In the interval between the preliminary arrangement and the preparation of the documents, Haebler made a conveyance of the mortgaged property to the plaintiff. Both men were represented by the same attorney, Mr. Cohn. The documents, when received, were changed by inserting the plaintiff's name and address for those of his grantor, and his signature was added. They were then left with the defendant together with a certified check for $3,750 drawn by Mr. Cohn to the defendant's order, and another check, uncertified, made out in like form, for $29.50, the fees and disbursements of the defendant's lawyers. The larger check was for accrued interest, $750, as well as for the agreed installment of the principal. Both checks were retained by the defendant and collected. Till then, it had not observed that the plaintiff had been substituted for Haebler as a party to the contract. On learning of the change, it wrote to the attorney that it would not sign the extension without the signature of Haebler and his assumption of the debt. Mr. Cohn called a few days later at the defendant's office and saw the man in charge of the real estate department. He gave notice that the $3,000 had been paid in fulfillment of one of the terms of a proposed contract of extension, and that if the company was not satisfied with the contract as tendered, the money must be returned.

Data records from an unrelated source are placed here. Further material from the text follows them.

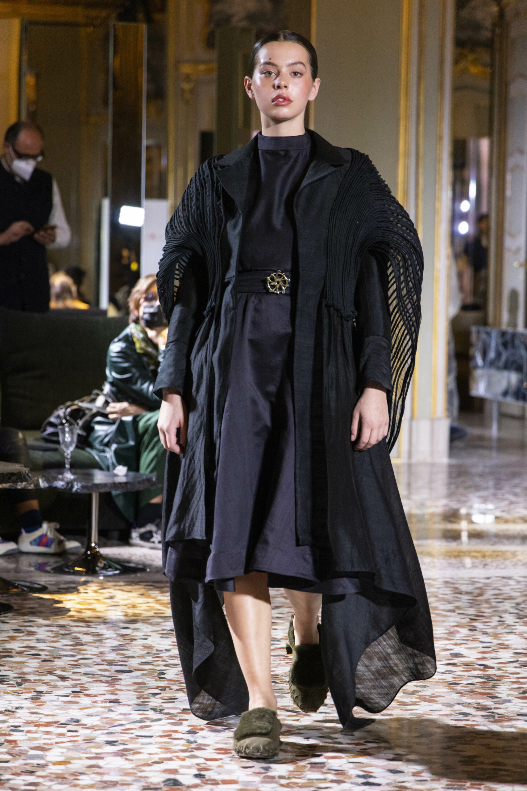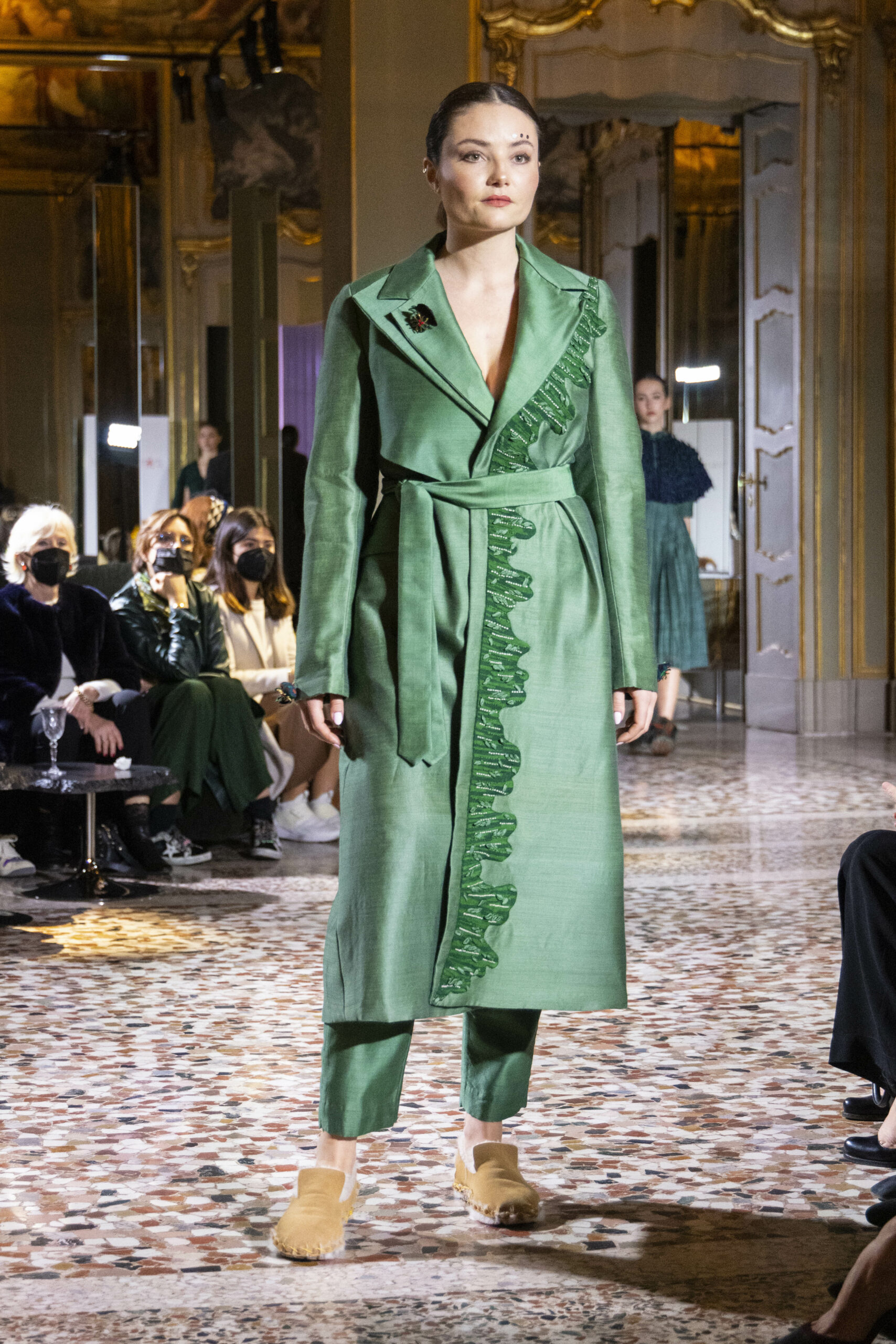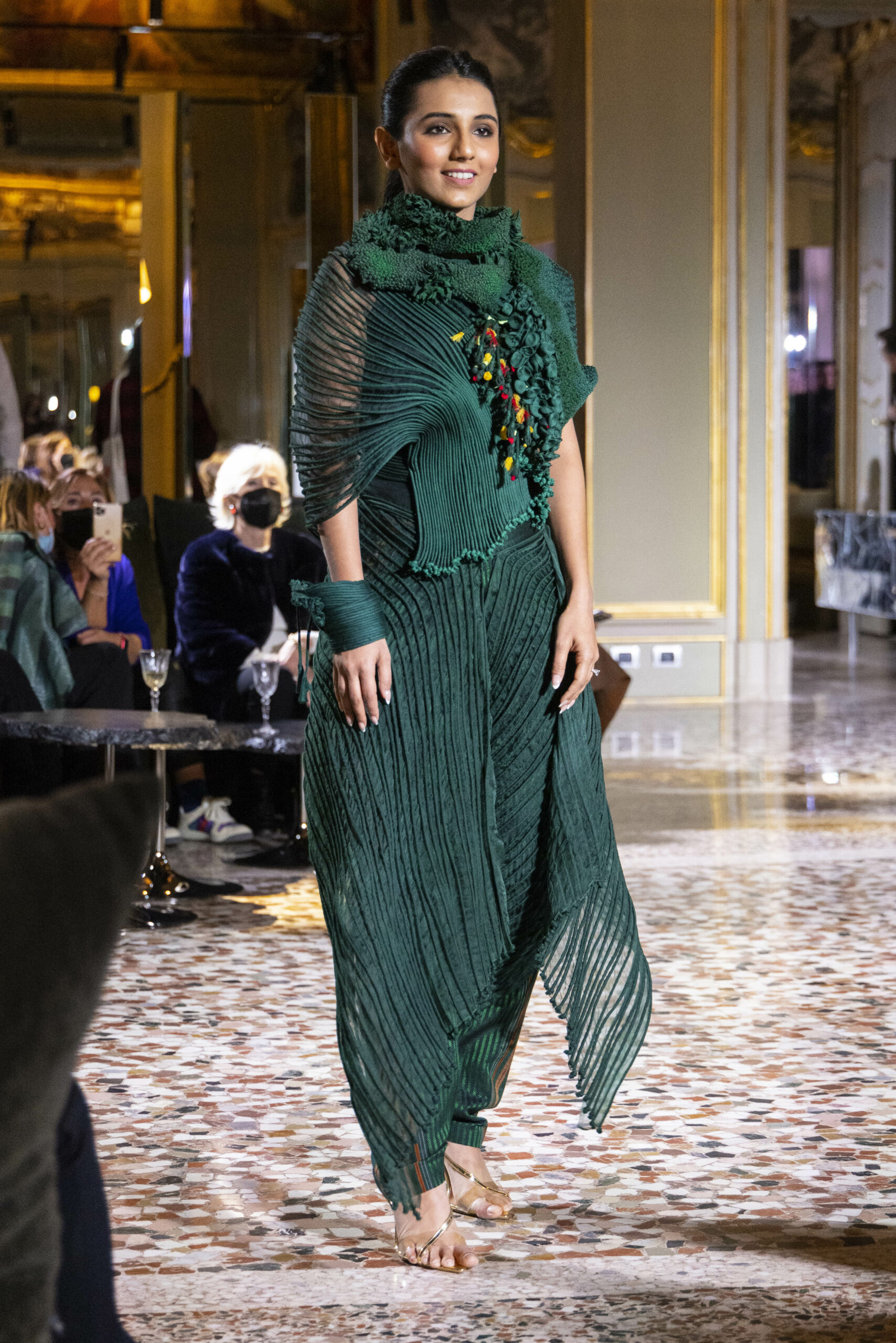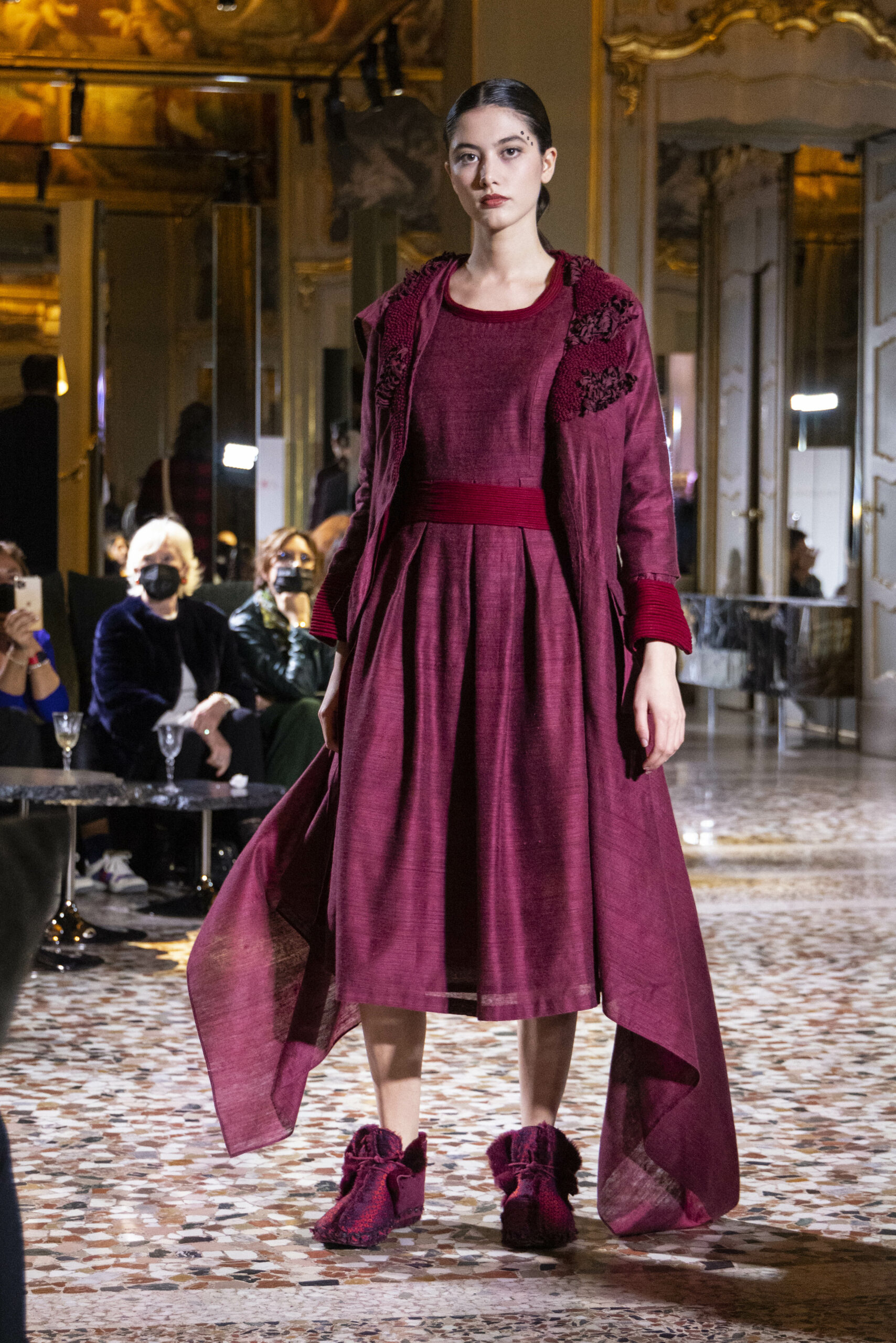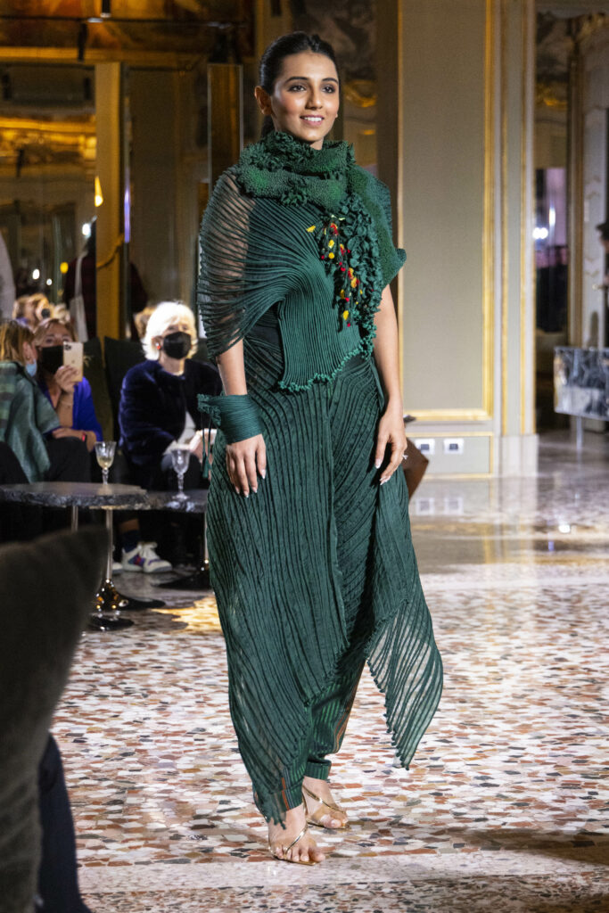 Vaishali Shadangule’s Autumn Winter 2022 collection is named Srauta, a word taken from ancient Vedic Sanskrit texts and meaning ‘sacrifice’ as an act by which we surrender something for the sake of the gods. It represents the flow of energy that connects everything in nature and how it sacrifices itself in one form to come to life into another form in a seamless flow that is the secret of life. A demonstration of this flow is the metamorphosis that a strand of hair or fur from an animal goes through in its journey, the hair becomes part of a thread, which gives life to a fabric, which is finally transformed apparel, to ultimately being a part of a garment in Vaishali’s Srauta collection. The designer has studied this flow of energy carefully to ensure that the flow is as seamless and sustainable as possible, ensuring the message of love is carried forward. This Milan Fashion Week also marks the global launch of Vaishali S’ prêt-à-porter line and with this launch, the designer continues to position Indian hand weaves at the top of international luxury, through unique global silhouettes. The collection features not only embroideries but full-fledged haute couture design and fabrics in a fresh prêt avatar, that shines the spotlight on hand-woven Indian textiles. As with all Vaishali’s collections, the Srauta collection too emphasises excellence in workmanship, with sustainability, zero waste and has circularity at its core. To ensure continued support and positive social impact on craft clusters, Vaishali has employed weaves used in the past in this collection as well. With the aim of pushing the boundaries of her commitment to sustainability, Vaishali has used blockchain technology for this collection, which will guarantee the technical traceability of garments’ history, thereby ensuring not only that sustainability is the focus throughout all processes, but also guaranteeing that clients can trace the journey of the hair fibres of the goat, in case of Pashmina, to the final garment, with a quick scan of a QR code. Employing her unique flair for effortlessly blending traditional weaves and techniques with dramatic silhouettes, Vaishali’s Srauta collection, amongst other fabrics, extensively explores the use of hand-woven Merino wool from Bengal, and Pashmina from Ladhak, both of which will keep the wearer warm in colder seasons and surprising cool in the warmer months. The palette is comprised of jewel tones such as deep aquamarines, ruby reds, shimmering amethysts, pearly whites, jade greens, and slate greys. The continued partnership with VIBRAM has also brought a winter collection of sustainable products. VIBRAM, the Italian world leader in soles manufacturing, has taken serious commitment to sustainability. By cooperating on their project “Component, the innovative sole system by VIBRAM”, the shoes for the collection have been developed with the leftover fabrics of the prêt-à-porter collection on a 96% recycled sole. Furthermore, the easiness of detaching the upper part of the shoe and creating your own new one with old clothes really takes circularity to a deeper level. The inception of the partnership was during the Paris Haute Couture Week and has been continuing to flourish.
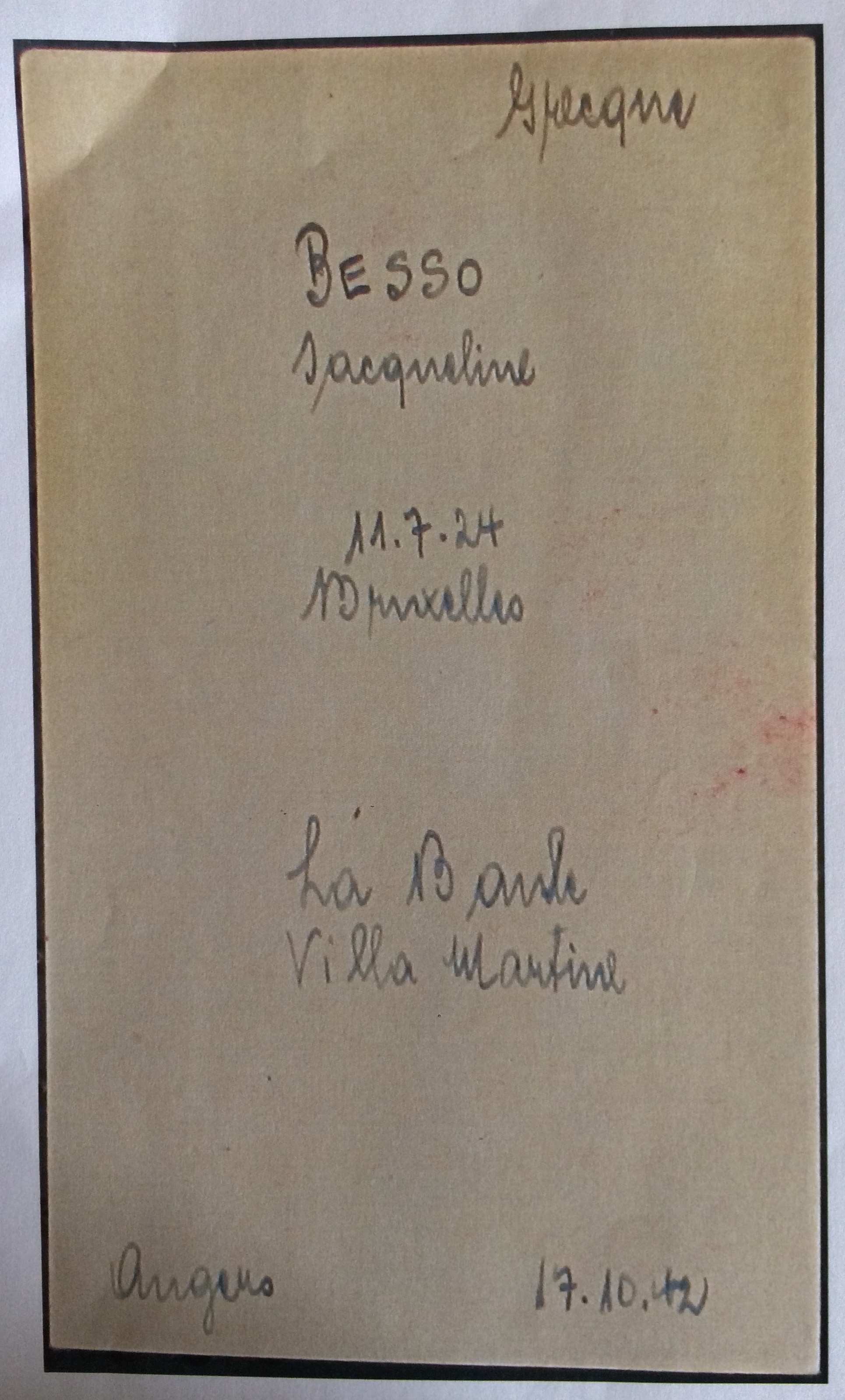A l’Hôtel des Pléïades, Linda BESSO se lie d’amitié avec la famille DESPRETZ, Gérard DESPRETZ l’un des enfants, ayant le même âge que Jacqueline BESSO.
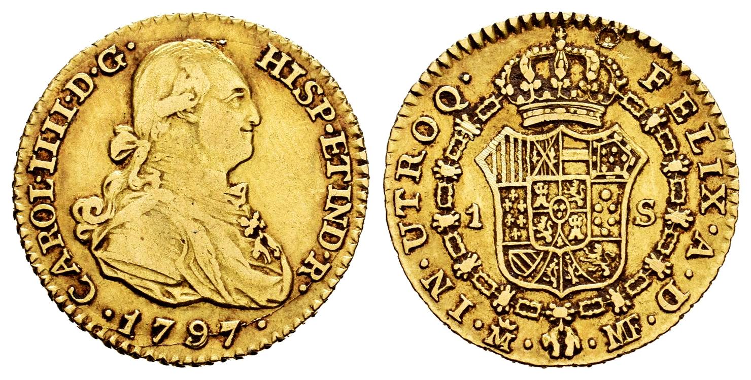 Charles IV (1788-1808). 1 escudo. 1797. Madrid. MF. (Cal-1115). Au. 3,35 g. Cleaned. Almost VF. Est...300,00.
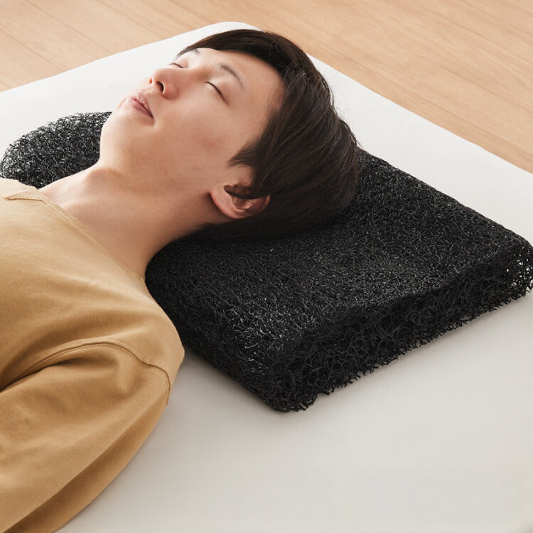 中材に3次元立体構造の樹脂ファイバー素材を使用したまくら。
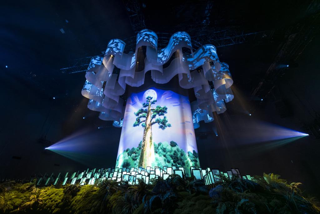 現場展演結合巨型柱狀環形投影、560隻機械手臂以及12聲道環繞聲效系統,打造全感官沉浸式體驗,帶領觀眾走入霧林帶自然場域;現場560隻機械手臂裝置由工研院與穀米共同開發,BITO團隊透過程式設計,使機械手臂能以科技方式模擬生物動態,從500多隻蝴蝶的飛舞姿態,到整片草地隨風搖曳,甚至動物掠影穿林的瞬間,皆在科技與藝術融合之中生動呈現,象徵這片土地多元、包容與韌性精神。
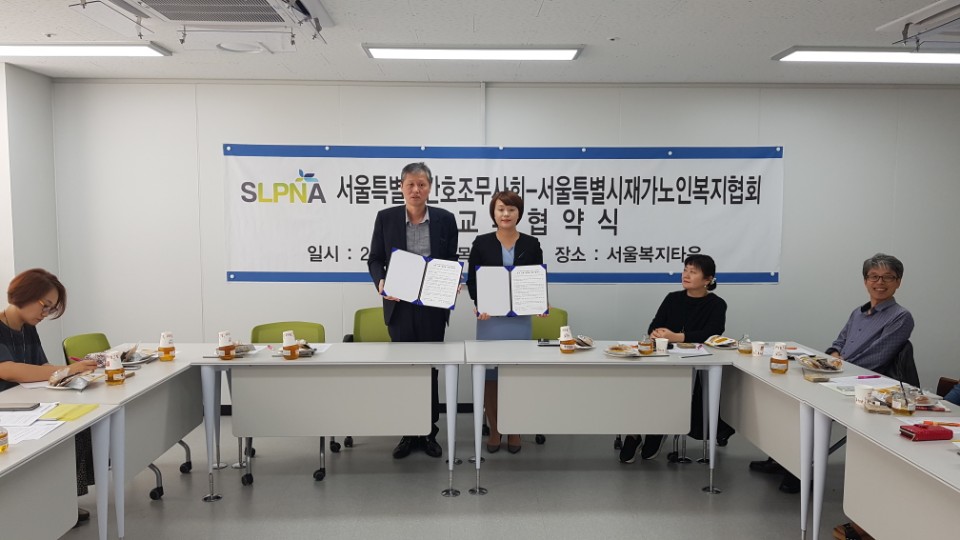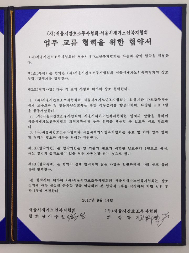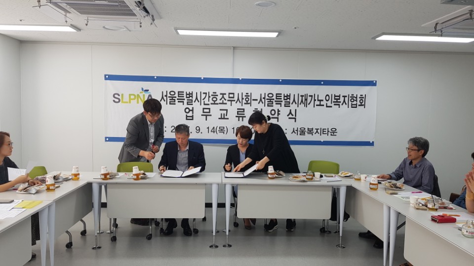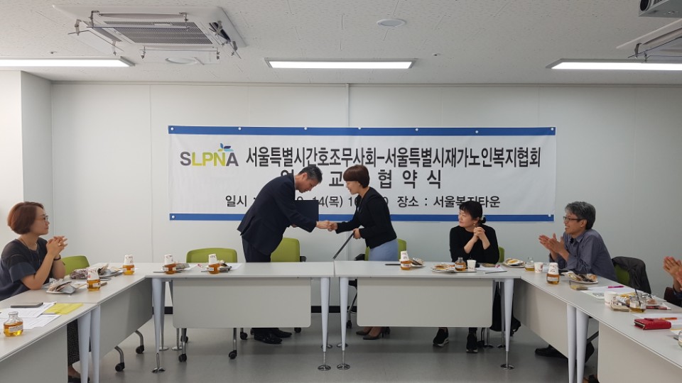 *일시 : 2017년 9월 14일(목) 16:00-17:30<BR>*장소 : 서울특별시사회복지협의회 대회의실<BR>*참석자 : 19명<BR>*내용<BR> - 서울특별시간호조무사회 업무협약식<BR> - 활동사항 보고<BR> - 논의사항
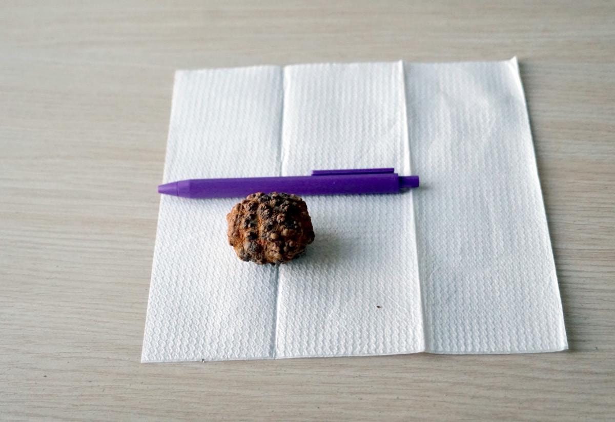 Çocuklarım, beni alıp hastaneye götürdü. Şimdi iyiyim fakat az da olsa ağrım var, o kadar da olacak. Bu taşı ben yaklaşık 9-10 yıldır taşıyorum. Benim ağrılarım vardı. Şimdiye kadar hep geçer diye umursamadım, düşer dedik ama düşmedi. Düşmenin de çaresi yokmuş. Bir hayli büyük bir taş, yumurta büyüklüğünde bir taş.

The defendant refused either to sign or to repay. *Page 107
An action of foreclosure followed. The plaintiff in that action, the defendant here, alleged in its complaint that $3,000 had been paid on account of the principal, and that the residue of the debt was due. The defendant, the present plaintiff, denied that the payment had been made on account of a past due mortgage, and alleged that in accepting it the mortgagee had consented to an extension of the mortgage, and that the suit was premature. The court upon the trial of that action found against the defense. It found that "no agreement purporting to extend the time of payment of said principal sum of said bond and mortgage was ever executed and delivered by plaintiff, and the time of payment of said principal sum was never extended." It found also that "the payment of $3,000 made on January 7, 1916, was a payment on account of said past due bond and mortgage." Judgment of foreclosure followed. The plaintiff, deprived by that judgment of the benefit of the extension, brought this action to recover the $3,000 as paid upon a consideration which had failed. The trial judge gave judgment in his favor. The Appellate Division reversed, and dismissed the complaint. The plaintiff has thus lost both the extension and the money.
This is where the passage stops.